Бердан все-таки вернулся из армии. Пришел на перевал, долго стоял возле могилы Абайыма. А недавно пригнал из Маймы новый трактор. Весь красный этот трактор у него, и Бердан на нем как бог сидит.

Гнедко все еще жив. Его, привычного к седлу и хомуту, колхоз выменял у старушки Абайыма на молодого стригунка. Жеребчик пошел на согум. Хвост у Гнедка отрос, но кому надо в дальнюю и быструю дорогу, те не берут Гнедка — до того ой стал ленивым и упрямым. Ни кнута, ни камчи, ни бича — ничего не боится. Приноровился к той жизни, когда всяк ему хозяин.

Старушка Абайыма тоже еще ковыляет. Сено и дрова ей привозит Бердан. Сидит старуха вечерами и причитает: «Э-э, Абайым, когда жил в этом мире, без меня и чаю не мог выпить. Бывало, чаюет, и тут обязательно надо, чтоб я рядом сидела, пусть не пью, лишь бы сидела, смотрела на него. Вернется с работы на обед, а меня вдруг нет дома. Вот и пойдет Абайым по аилам искать: „Не была моя тут у вас?

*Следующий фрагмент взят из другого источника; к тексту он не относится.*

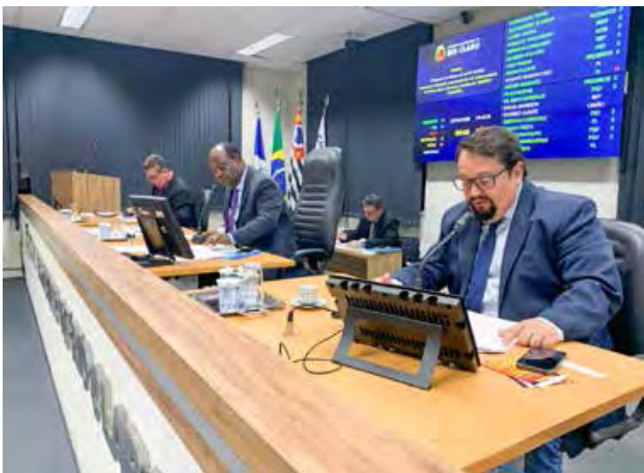
Parlamentares da mesa conduzem os trabalhos da sessão

põem sobre desafetação de área, ou seja, autorizam a prefeitura a mudar a destinação original dos terrenos para posterior venda ou execução de obras e melhorias. Uma dessas áreas desafetadas destina-se à abertura da Avenida Marginal no Jardim Anhanguera. Outro tem a finalidade de implantar o anel viário interligando o Jardim Progresso ao Distrito Industrial.

Не видели?“ А как найдет, я же и накинусь на него: „Чай там, на огне! Наливай сам и чаюй: Что я тебе?“ Но никогда не возвратится Абайым без меня — будет стоять и молчать, ожидая, и весь сказ… А теперь ушел за Большой перевал и весточки не подаст, не зовет к себе. Эх, Абайым, Абайым…»

Крик с вершины

Перевод с алтайского А. Китайника

Калап сидит на табуретке возле тумбочки между двухъярусными койками и пришивает к новенькому — с иголочки — кителю черные-пречерные погоны рядового.

— В нашем селе, парни… — начинает он. — В нашем селе однажды вот что случилось. Приехал издалека человек один, в гости. Я, говорит, слыхал, в ваших местах зверь такой водится — сохатый. Всякого, говорит, я зверя бил, а этого не встречал. Вот бы, говорит, завалить одного, да так, чтобы рогами землю вспорол, а? Разве гостю откажешь? Решили доставить ему удовольствие. Дали карабин, посадили на смирного меринка, показали верное место на солонце-лизунце. Ну, ладно. Проводили. Наутро пошли к нему. Сидит наш гость, убитый горем, возле убитого меринка и рвет реденькие волосья на голове…

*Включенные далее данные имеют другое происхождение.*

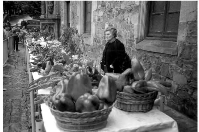
Joxuena baserriko postua Herri Egunean.

“Baserriko jentia feixa eguna aprobetxaitten ebein. Batzuk ia goizetik agerketan zian kalia, eta beste batzuk autobusian. Lehengo bezeruak, hurriñen euzen baserritako jentia. Atian itxoitten. Goizian jente gaztia, baserriko jente gaztia. Eurak mezia entzun mezia derrigorra zan e? Euran mezia entzun eta meza ondorian uetakuia iñ, Naparrenan, Urubilen o lokesea, eta tapa tapa tapa etxera. Eta

Солдаты, только что напарившиеся в бане, остриженные наголо, не успевшие еще облачиться в форменную одежду и оттого снова похожие на мальчишек, грохнули на всю казарму.

— Думаете, что случилось, парни? — продолжает Калап, ободренный всеобщим вниманием и интересом. — А вот что случилось. Гость так объяснял: «Захотелось мне, люди, ээ-э, на рассвете того… по нужде. Хотел прислонить карабин к дереву, а он зацепился за сучок и „бах!“ Гляжу, что такое? Бедная лошадь лежит, копыта откинула…» Ну, старики наши по-другому растолковали. Сидел-сидел этот гость, ожидая сохатого. Вечером сидел — нет зверя. Ночь просидел — не идет сохатый. Рассвело уже — все еще пусто. Ну ни черта! Тоска гостя взяла. А тут еще спать охота и мошкара донимает. Размечтался он: «Вот бы подошел сейчас сохатый… примерно вон туда… — и прицелился от нечего делать в меринка, привязанного пониже к кустам. — Я бы его тут и…» И не заметил, как на спуск нажал.

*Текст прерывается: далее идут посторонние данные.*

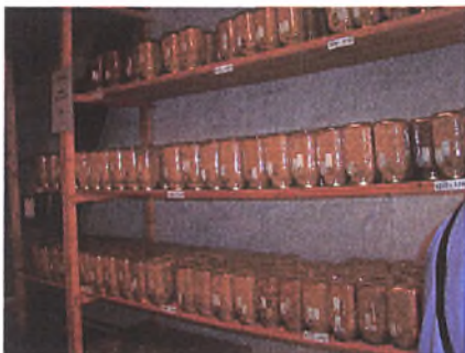
Forsøgskorn på lageret
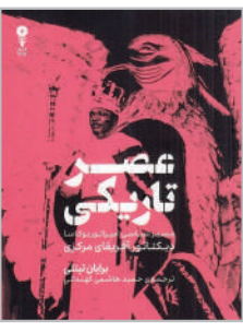
بوکاسا؛ امپراتور خون آشام آفریقا.

این نویسنده درباره قدرت خرید مردم در تهیه این کتاب برای کودکان، بیان کرد: این اثر فرهنگی است و خانواده‌ها برای خوردن و خوشگذرانی پول خرج می‌کنند، عموم مردم نمی‌توانند کتاب را تهیه کنند اما می‌توان از سود این کتاب کارهای خیر انجام داد.

Казарма снова зазвенела от хохота.

«Что бы им еще рассказать? — думает Калап, пока солдаты смеются — Что-нибудь такое…»

Но тут вбегает старшина и машет рукой!

— Отбо-о-ой!

Разом забелела казарма нижним бельем, взметнулась по койкам, накрылась серыми одеялами.

Закрывает глаза и Калап Алымов. Хочет заснуть, а не может. И приходит ему на ум: «Постой, постой… А почему я-то здесь оказался? Совсем недавно два года отслужил. По второму разу не призывают… Может, это приснилось?» Калап щиплет себя — больно. Осматривается вокруг: все точно — выстроенные в ряд двухъярусные койки, возле дверей дневальный с красной повязкой на рукаве и ножом-штыком на поясе, блестят свежей краской пирамиды для автоматов. Слышно спокойное дыхание парней и чей-то храп. И пахнет казармой — здоровым потом, сапожным кремом, хозяйственным мылом и ружейным маслом.

«Да, да», — припоминает Калап: после обеда их, новобранцев, подводили к танку Т-54 и сказали, что они будут изучать его.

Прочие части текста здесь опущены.